2. The method according to claim 1, wherein obtaining environmental parameters of the environment in which the waterproof paint is currently used, according to a plurality of environmental indicators affecting the drying speed of the waterproof paint, to obtain an environmental parameter set, comprises:
acquiring a preset time period;
collecting the temperature, humidity and wind speed of the environment currently using the waterproof paint in a plurality of time windows in the preset time period to obtain a temperature parameter set, a humidity parameter set and a wind speed parameter set;
Calculating to obtain an average temperature parameter, an average humidity parameter and an average wind speed parameter based on the temperature parameter set, the humidity parameter set and the wind speed parameter set;
the set of environmental parameters is generated based on the average temperature parameter, the average humidity parameter, and the average wind speed parameter.
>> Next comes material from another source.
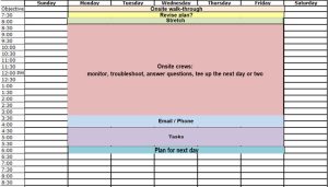 This is an example of time blocking for employees of a construction company who work at the job sites. A good portion of the work day is spent on collaborating with various crews who are assigned to that site on that day.

3. The method of claim 1, wherein inputting the set of environmental parameters and the manner of drying the waterproof coating into a drying time prediction model to obtain the drying time of the waterproof coating within the current environment comprises:
acquiring environmental parameters of an environment using the waterproof coating in a historical time, and acquiring a plurality of historical environmental parameter sets;
when the waterproof paint is used in the historical time, under the plurality of historical environment parameter sets, adopting drying time in different drying modes to obtain a plurality of historical drying time sets;
the data of the plurality of historical environment parameter sets, the plurality of drying modes and the plurality of historical drying time sets are marked, the data is used as construction data, the drying time prediction model is constructed and supervised and learned based on a feedforward neural network, the input data of the drying time prediction model is the environment parameter sets and the drying modes, and the output data is the drying time;
And inputting the environmental parameter set and the drying mode of the waterproof coating into a drying time prediction model to obtain the drying time.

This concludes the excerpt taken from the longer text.